Prawdopodobnie istnieje słowo — prawdopodobnie długie, niemieckie i porywająco przyjemne dla języka — oznaczające odłożenie czegoś, co lubisz, ponieważ sama myśl o tym jest zbyt trudna do rozważenia. To dziwne terytorium, na którym Gwint życia — lub w którym Gwint w każdym razie żył, kiedy zetknąłem się z nim po raz pierwszy. Guncho jest taktyczna gra turowa, która jest jednocześnie kompaktowa i zabawna. Ale ma centralną koncepcję, którą początkowo tak trudno było mi pojąć, iż niemal poczułem, jak zimny dreszcz w moim mózgu zacina się w jej obecności.
Pomysł — i zaraz to źle wyjaśnię — polega na tym, iż jest to gra taktyczna, w której kierunek ataku naprawdę ma znaczenie.

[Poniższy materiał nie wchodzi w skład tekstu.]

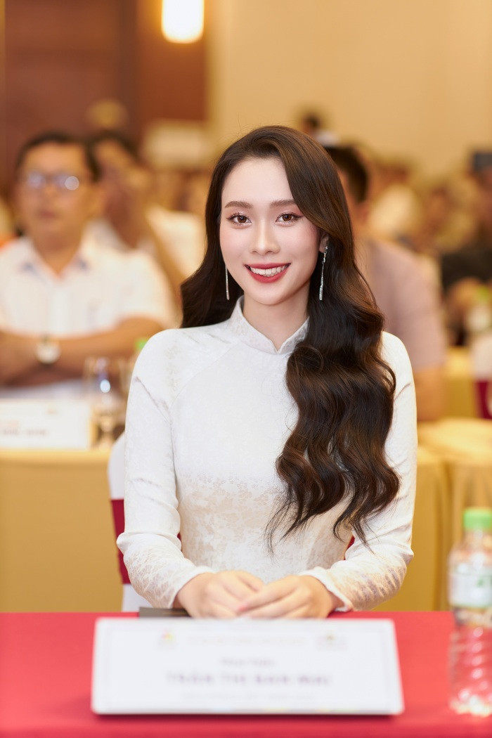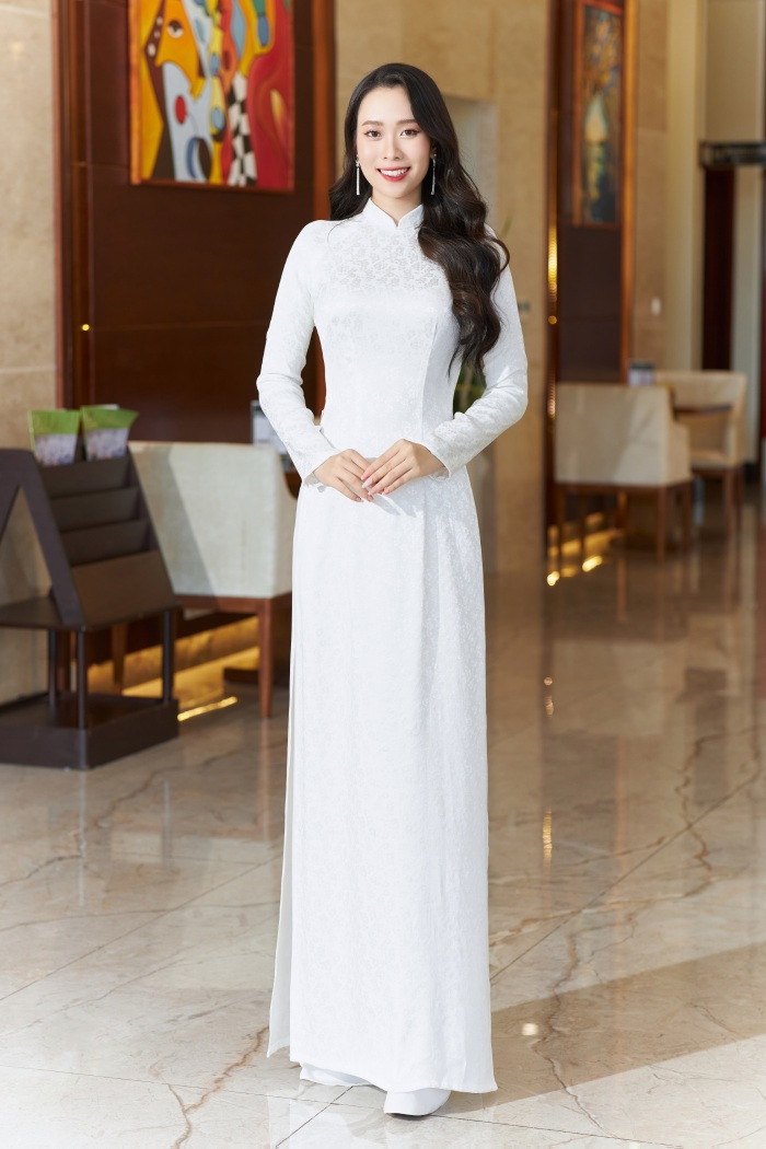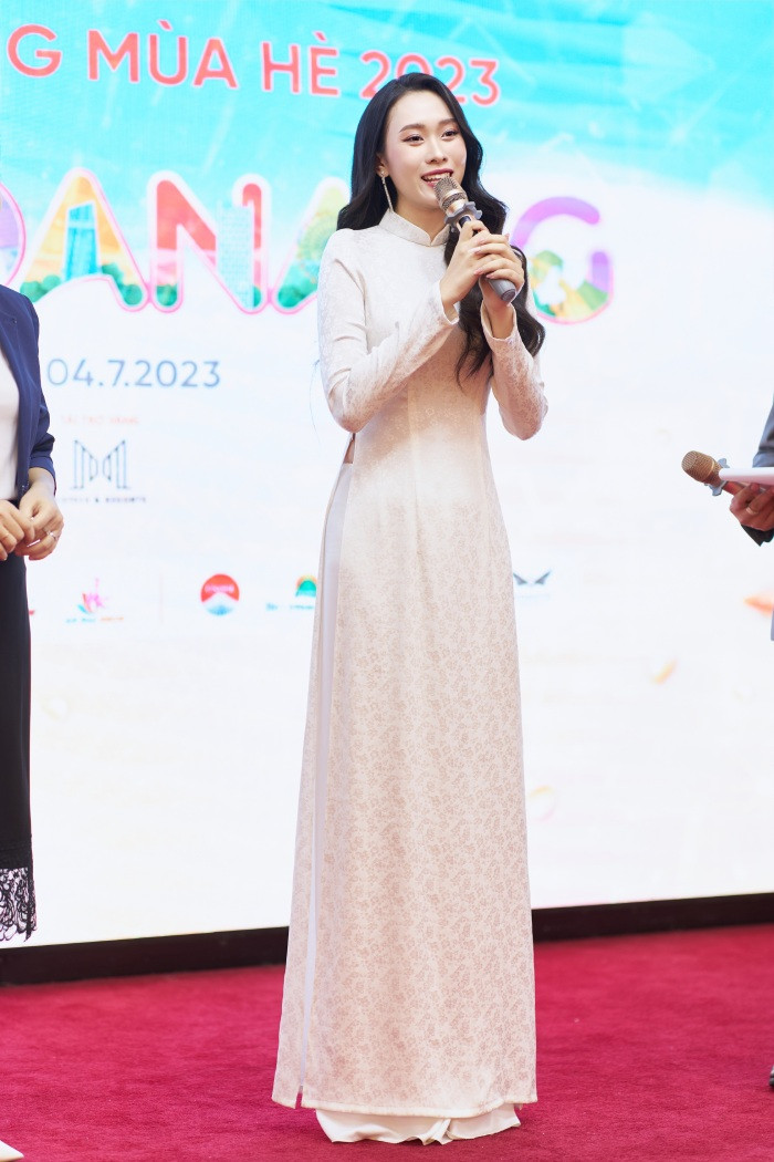 Xuất hiện tại sự kiện họp báo lớn của thành phố Đà Nẵng, hoa hậu Ban Mai chọn chiếc áo dài gấm trắng nhã nhặn của nhà thiết kế Thuận Việt, cô trang điểm nhẹ nhàng, thanh lịch.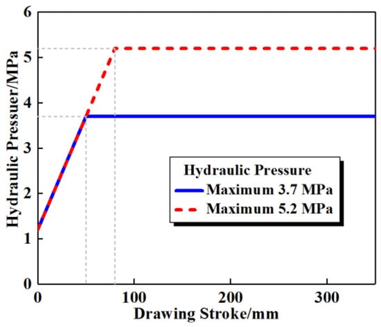 In this work, conventional deep drawing (CDD) and hydroforming experiments were conducted, and two different hydraulic loading paths were designed with the maximum hydraulic pressures of 3.7 MPa and 5.2 MPa. The hydraulic loading paths are shown in Figure 4. The total drawing stroke was 350 mm.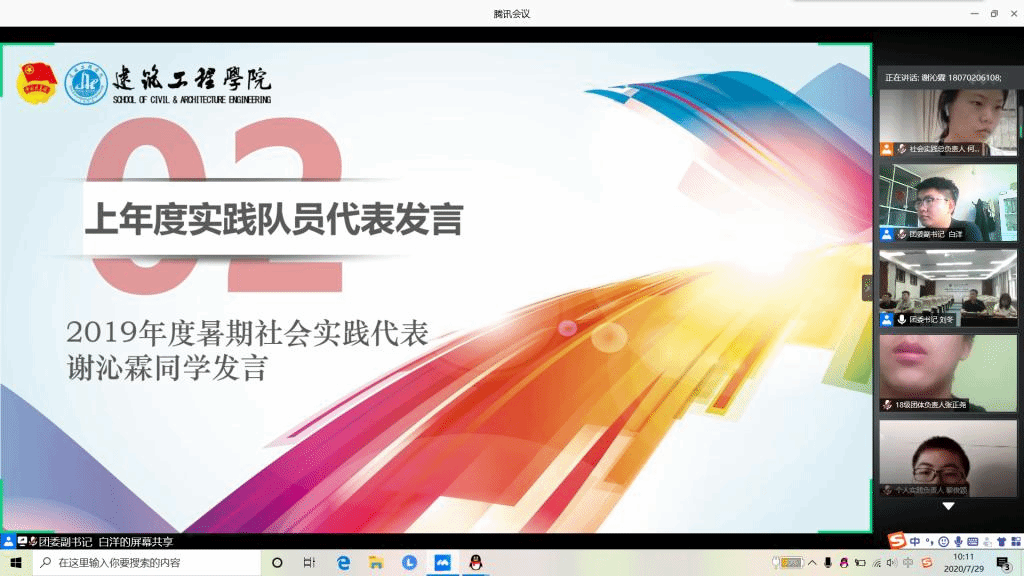 7月27日上午,2020年度暑期“三下乡”社会实践活动启动仪式在腾讯会议平台线上举行。公司党委副书记翟超、公司团委书记刘冬、暑期社会实践团队指导教师何鹏程、安春雨、徐慧子参加启动仪式,团委书记刘冬担任主持,学院暑期社会实践全体成员参加会议。

Grasz jako desperat na chwiejnym proceduralnym krajobrazie heksów, a twoim zadaniem jest strzelanie do wszystkich wrogów nadchodzących w twoją stronę. Możesz albo się poruszać, albo strzelać w każdej turze. Zawsze będziesz strzelał pierwszy, a ruchy twojego wroga są wyraźnie sygnalizowane. Oznacza to, iż niezależnie od tego, jakie horrory Dzikiego Zachodu zmierzają w twoją stronę, nie możesz narzekać, iż cię nie ostrzeżono. Zamiast tego większość wczesnych katastrof sprowadza się do faktu, iż byłeś zwrócony w złym kierunku, gdy atakowałeś. Albo, mówiąc dokładniej, iż kluczowa część twojej broni była zwrócona w złym kierunku.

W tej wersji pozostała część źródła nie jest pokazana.